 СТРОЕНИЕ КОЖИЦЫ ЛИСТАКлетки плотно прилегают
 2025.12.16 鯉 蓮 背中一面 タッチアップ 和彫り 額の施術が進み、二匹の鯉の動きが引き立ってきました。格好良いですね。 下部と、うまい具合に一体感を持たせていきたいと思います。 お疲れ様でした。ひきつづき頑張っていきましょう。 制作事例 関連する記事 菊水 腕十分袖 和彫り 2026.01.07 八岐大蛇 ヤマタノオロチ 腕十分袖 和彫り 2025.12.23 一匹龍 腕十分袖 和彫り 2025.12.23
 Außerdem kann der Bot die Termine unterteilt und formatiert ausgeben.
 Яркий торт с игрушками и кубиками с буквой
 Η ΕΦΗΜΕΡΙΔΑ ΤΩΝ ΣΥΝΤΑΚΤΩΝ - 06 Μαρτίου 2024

...

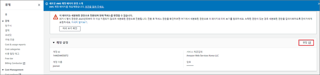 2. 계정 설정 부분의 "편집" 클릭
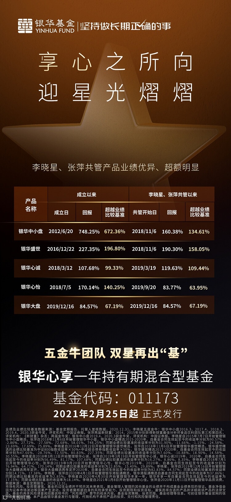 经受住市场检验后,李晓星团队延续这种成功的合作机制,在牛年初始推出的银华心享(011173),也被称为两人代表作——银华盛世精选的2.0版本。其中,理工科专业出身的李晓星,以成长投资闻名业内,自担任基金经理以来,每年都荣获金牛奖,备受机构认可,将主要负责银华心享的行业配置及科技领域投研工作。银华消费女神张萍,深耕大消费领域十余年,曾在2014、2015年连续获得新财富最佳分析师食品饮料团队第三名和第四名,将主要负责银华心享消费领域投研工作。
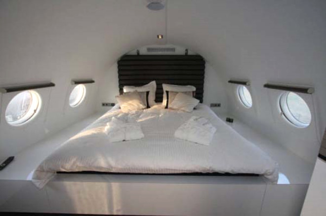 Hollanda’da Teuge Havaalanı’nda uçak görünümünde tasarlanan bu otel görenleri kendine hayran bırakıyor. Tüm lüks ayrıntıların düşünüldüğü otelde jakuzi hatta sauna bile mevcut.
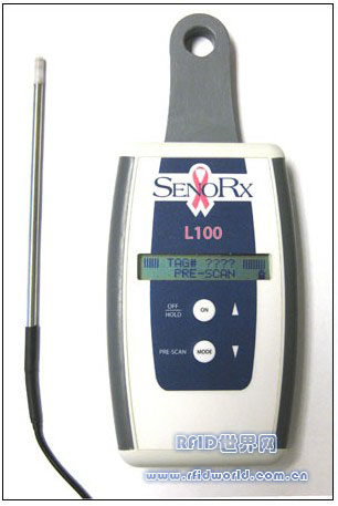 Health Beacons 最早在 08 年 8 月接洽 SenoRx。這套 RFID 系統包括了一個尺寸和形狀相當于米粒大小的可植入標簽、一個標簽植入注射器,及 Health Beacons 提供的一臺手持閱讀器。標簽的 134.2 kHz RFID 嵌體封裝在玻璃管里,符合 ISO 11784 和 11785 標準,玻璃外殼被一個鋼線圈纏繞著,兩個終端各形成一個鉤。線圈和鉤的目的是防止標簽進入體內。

WORK INSTRUCTIONS: The response should be the listing above, limited to the lines between the one holding "Außerdem kann der" and the one holding "Η ΕΦΗΜΕΡΙΔΑ ΤΩΝ ΣΥΝΤΑΚΤΩΝ - 06 Μαρτίου 2024", inclusive, reproduced exactly.

YOUR SOLUTION:
 Außerdem kann der Bot die Termine unterteilt und formatiert ausgeben.
 Яркий торт с игрушками и кубиками с буквой
 Η ΕΦΗΜΕΡΙΔΑ ΤΩΝ ΣΥΝΤΑΚΤΩΝ - 06 Μαρτίου 2024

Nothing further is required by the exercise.